WORKING DATA: Begin

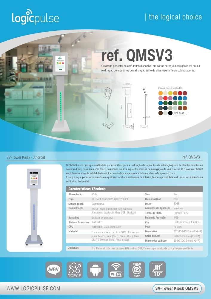 Le QMSV3 est un kiosque multimédia sur pied idéal pour la réalisation d’enquêtes de satisfaction auprès de clients/usagers ou collaborateurs, équipé d’un écran tactile permettant de réaliser des enquêtes via la navigation entre plusieurs écrans. Le kiosque QMSV3 présente une grande stabilité et rigidité dans toute sa structure fabriquée en tôle d’acier et acier inoxydable. Ce kiosque peut être installé dans n’importe quel endroit en environnements intérieurs, avec la possibilité d’installer l’écran en position verticale ou horizontale.
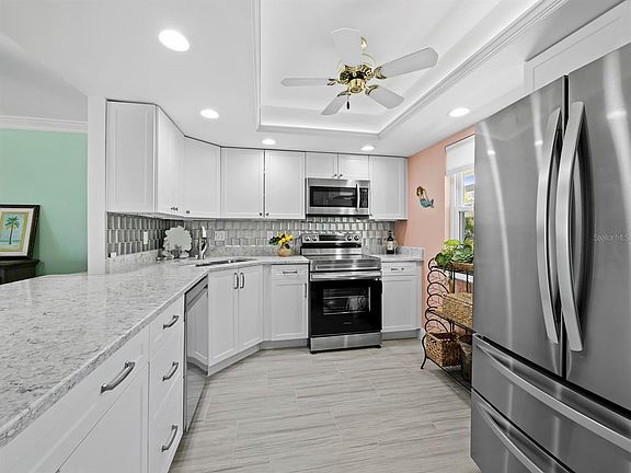 Large breakfast barWarm welcoming ambianceTray ceiling with fanPeaceful mangrove-lined viewsStone countertopsCrown moldingRecessed lighting
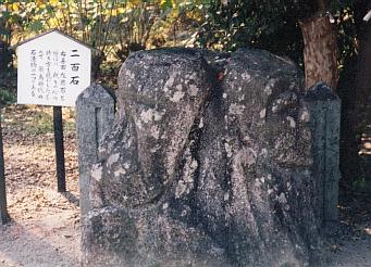 太子堂の横手にある二面石は、人間の善と悪の2つの心を彫ったものという。
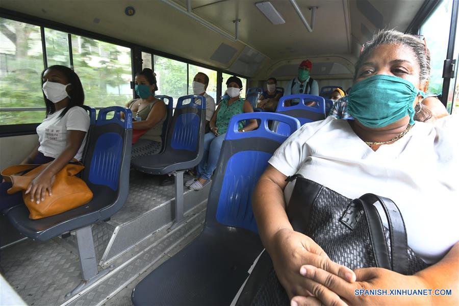 Imagen del 2 de junio de 2020 de trabajadores de la salud del policlínico de Alamar sentados a bordo de un autobús de la empresa china Yutong, en la terminal de Guanabo, en La Habana, capital de Cuba. La empresa china Yutong ha donado mascarillas sanitarias para todos los choferes del transporte público cubano para protegerlos de la pandemia de la enfermedad causada por el nuevo coronavirus (COVID-19). En la terminal de Guanabo se entregan con regularidad las mascarillas donadas por la empresa a los 84 choferes del centro, quienes conducen 57 autobuses Yutong. (Xinhua/Joaquín Hernández)
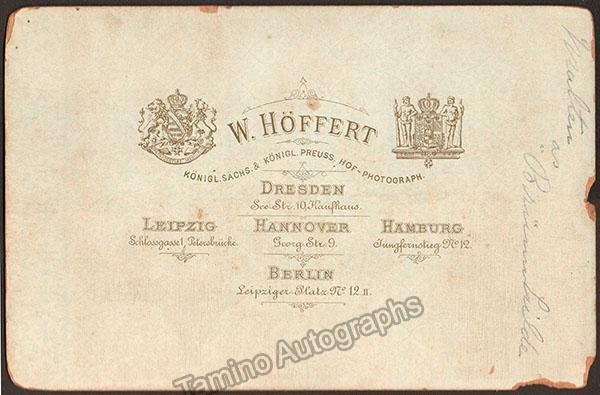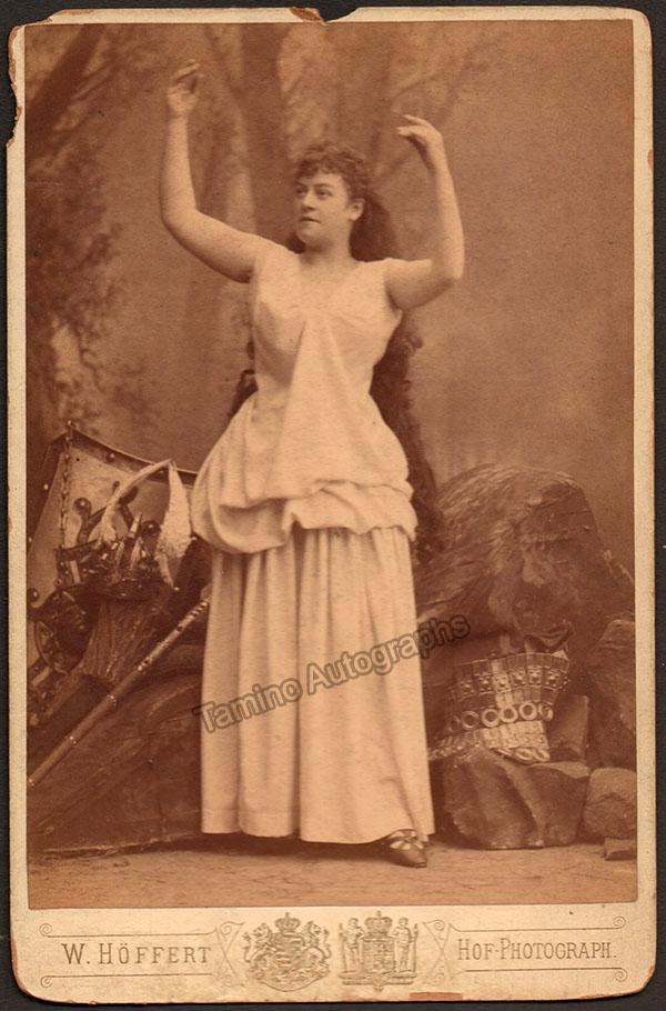 German soprano (1853-1930) shown as Brunnhilde in Wagner's Der Ring des Nibelungen. Unsigned cabinet photo by photographer W. Höffert, Dresden. Size is 4.25 x 6.5 inches, small loss of paper over upper left corner, otherwise in very good condition.
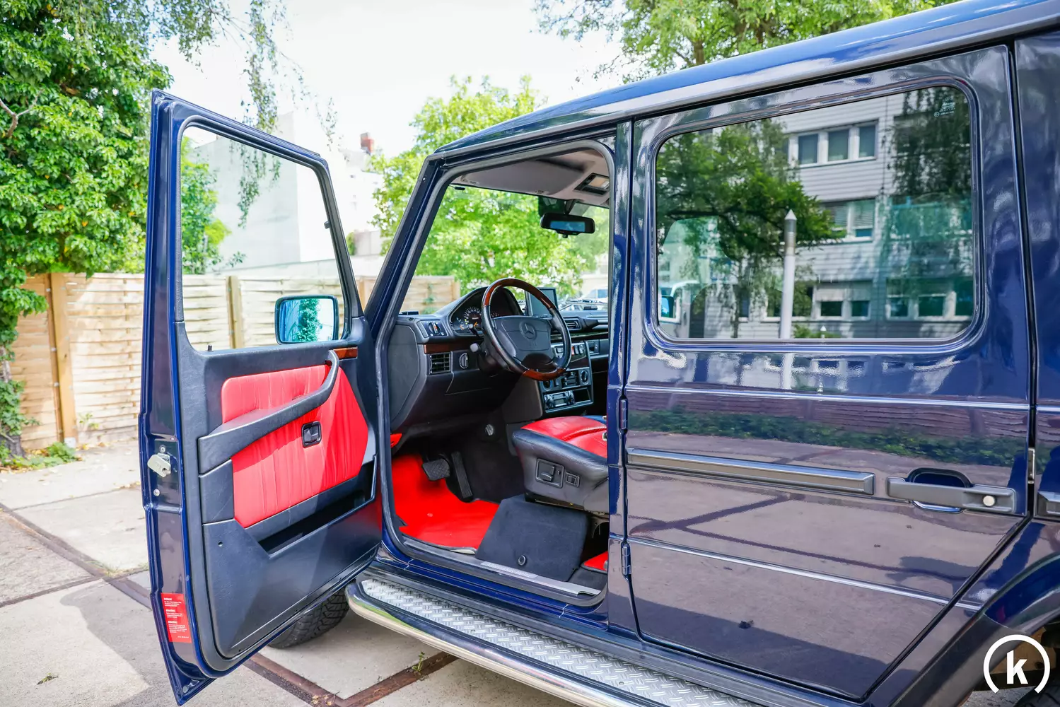 Auffallend gibt sich das in rot/schwarz gehaltene Leder im Interieur dieses Brabus 5.8: Die zweifarbige Lederausstattung wurde den Verkäuferaussagen zufolge den damaligen Brabus Farben entsprechend in rot/schwarz modifiziert. Insgesamt kann der Innenausstattung des G-Modells ein gutes Befinden attestiert werden. Überaus reichhaltig präsentiert sich die Ausstattung des Brabus-Mercedes gehalten – Unter anderem befinden sich folgende Merkmale an Bord des G 500 5.8: Sitzheizung vorne u. hinten, Mittelarmlehne vorne, elektrische Sitze mit Lordosenstütze, zusätzliche Sitzbänke hinten, elektrisches Schiebedach, Anhängerkupplung, getönte Scheiben ab B-Säule, Außenspiegel beheizbar, Tempomat, Klimaanlage, elektrische Fensterheber vorne u. hinten, Leder-/Holzlenkrad, rote Fußmatten, Wurzelnuss Holzeinlagen und ein originaler MB Audio 10 Radio. Des Weiteren befindet sich am Armaturenbrett noch ein separates Navigations-Display an Bord. Sämtliche Ausstattungselemente sind laut Verkäuferaussagen voll funktionsfähig.

WORKING DATA: End

(PROMPT) What is needed is every record above, returned exactly, with the pictures omitted.

(PROBLEM SOLUTION)
 Le QMSV3 est un kiosque multimédia sur pied idéal pour la réalisation d’enquêtes de satisfaction auprès de clients/usagers ou collaborateurs, équipé d’un écran tactile permettant de réaliser des enquêtes via la navigation entre plusieurs écrans. Le kiosque QMSV3 présente une grande stabilité et rigidité dans toute sa structure fabriquée en tôle d’acier et acier inoxydable. Ce kiosque peut être installé dans n’importe quel endroit en environnements intérieurs, avec la possibilité d’installer l’écran en position verticale ou horizontale.
 Large breakfast barWarm welcoming ambianceTray ceiling with fanPeaceful mangrove-lined viewsStone countertopsCrown moldingRecessed lighting
 太子堂の横手にある二面石は、人間の善と悪の2つの心を彫ったものという。
 Imagen del 2 de junio de 2020 de trabajadores de la salud del policlínico de Alamar sentados a bordo de un autobús de la empresa china Yutong, en la terminal de Guanabo, en La Habana, capital de Cuba. La empresa china Yutong ha donado mascarillas sanitarias para todos los choferes del transporte público cubano para protegerlos de la pandemia de la enfermedad causada por el nuevo coronavirus (COVID-19). En la terminal de Guanabo se entregan con regularidad las mascarillas donadas por la empresa a los 84 choferes del centro, quienes conducen 57 autobuses Yutong. (Xinhua/Joaquín Hernández)
 German soprano (1853-1930) shown as Brunnhilde in Wagner's Der Ring des Nibelungen. Unsigned cabinet photo by photographer W. Höffert, Dresden. Size is 4.25 x 6.5 inches, small loss of paper over upper left corner, otherwise in very good condition.
 Auffallend gibt sich das in rot/schwarz gehaltene Leder im Interieur dieses Brabus 5.8: Die zweifarbige Lederausstattung wurde den Verkäuferaussagen zufolge den damaligen Brabus Farben entsprechend in rot/schwarz modifiziert. Insgesamt kann der Innenausstattung des G-Modells ein gutes Befinden attestiert werden. Überaus reichhaltig präsentiert sich die Ausstattung des Brabus-Mercedes gehalten – Unter anderem befinden sich folgende Merkmale an Bord des G 500 5.8: Sitzheizung vorne u. hinten, Mittelarmlehne vorne, elektrische Sitze mit Lordosenstütze, zusätzliche Sitzbänke hinten, elektrisches Schiebedach, Anhängerkupplung, getönte Scheiben ab B-Säule, Außenspiegel beheizbar, Tempomat, Klimaanlage, elektrische Fensterheber vorne u. hinten, Leder-/Holzlenkrad, rote Fußmatten, Wurzelnuss Holzeinlagen und ein originaler MB Audio 10 Radio. Des Weiteren befindet sich am Armaturenbrett noch ein separates Navigations-Display an Bord. Sämtliche Ausstattungselemente sind laut Verkäuferaussagen voll funktionsfähig.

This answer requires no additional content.